JSON Import with DuckDB

FastTransfer leverages DuckDB's powerful read_json function to efficiently import JSON files into any supported database. DuckDB provides advanced features like automatic schema detection, nested structure handling, and support for both JSON objects and JSON Lines (JSONL/NDJSON) formats.

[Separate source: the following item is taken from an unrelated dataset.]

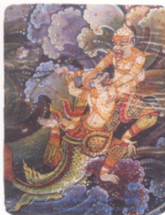
Ramayana, an Indian epic, absorbed into cultures of Southeast Asia and retold through traditional art & craft

DuckDB offers several advantages for JSON processing:

  • Automatic schema detection - Automatically infers column types from JSON structure
  • High performance - Optimized JSON parser with parallel reading
  • Nested structure support - Handle complex nested objects and arrays
  • Multiple formats - Support for JSON, JSON Lines (JSONL), and NDJSON
  • Array flattening - Use unnest() to flatten nested arrays
  • In-memory processing - No need for a persistent database file

Basic JSON Import

Single JSON File

Import a single JSON file using DuckDB's in-memory mode:

.\FastTransfer.exe `
--sourceconnectiontype "duckdbstream" `
--sourceserver ":memory:" `
--query "SELECT * from read_json('D:\DATA\users.json')" `
--targetconnectiontype "msbulk" `
--targetserver "localhost" `
--targettrusted `
--targetdatabase "AppDB" `
--targetschema "dbo" `
--targettable "users" `
--parallelmethod "None" `
--mapmethod "Name" `
--loadmode "Truncate"
JSON Formats

DuckDB automatically detects the JSON format:

  • JSON Array: [{...}, {...}] - Array of objects
  • JSON Lines (JSONL): One JSON object per line
  • NDJSON: Newline-delimited JSON objects

JSON Lines File - Single Thread

Import a JSON Lines file to PostgreSQL:

.\FastTransfer.exe `
--sourceconnectiontype "duckdbstream" `
--sourceserver ":memory:" `
--query "SELECT * from read_json('D:\DATA\events.jsonl', format='newline_delimited')" `
--targetconnectiontype "pgcopy" `
--targetserver "localhost:5432" `
--targetuser "postgres" `
--targetpassword "YourPassword" `
--targetdatabase "analytics" `
--targetschema "public" `
--targettable "events" `
--parallelmethod "None" `
--mapmethod "Name" `
--loadmode "Truncate"

Parallel JSON Import

DataDriven Method with Calculated Column

Use a calculated distribution key for parallel processing:

.\FastTransfer.exe `
--sourceconnectiontype "duckdbstream" `
--sourceserver ":memory:" `
--query "SELECT * from read_json('D:\DATA\orders.jsonl')" `
--targetconnectiontype "pgcopy" `
--targetserver "localhost:5432" `
--targetuser "postgres" `
--targetpassword "YourPassword" `
--targetdatabase "sales" `
--targetschema "public" `
--targettable "orders" `
--parallelmethod "DataDriven" `
--distributeKeyColumn "(order_id/10000)::int" `
--mapmethod "Name" `
--loadmode "Truncate" `
--degree 12
Distribution Key Calculation

The expression (order_id/10000)::int divides the order_id column by 10,000 and casts to integer, creating balanced data chunks for parallel processing.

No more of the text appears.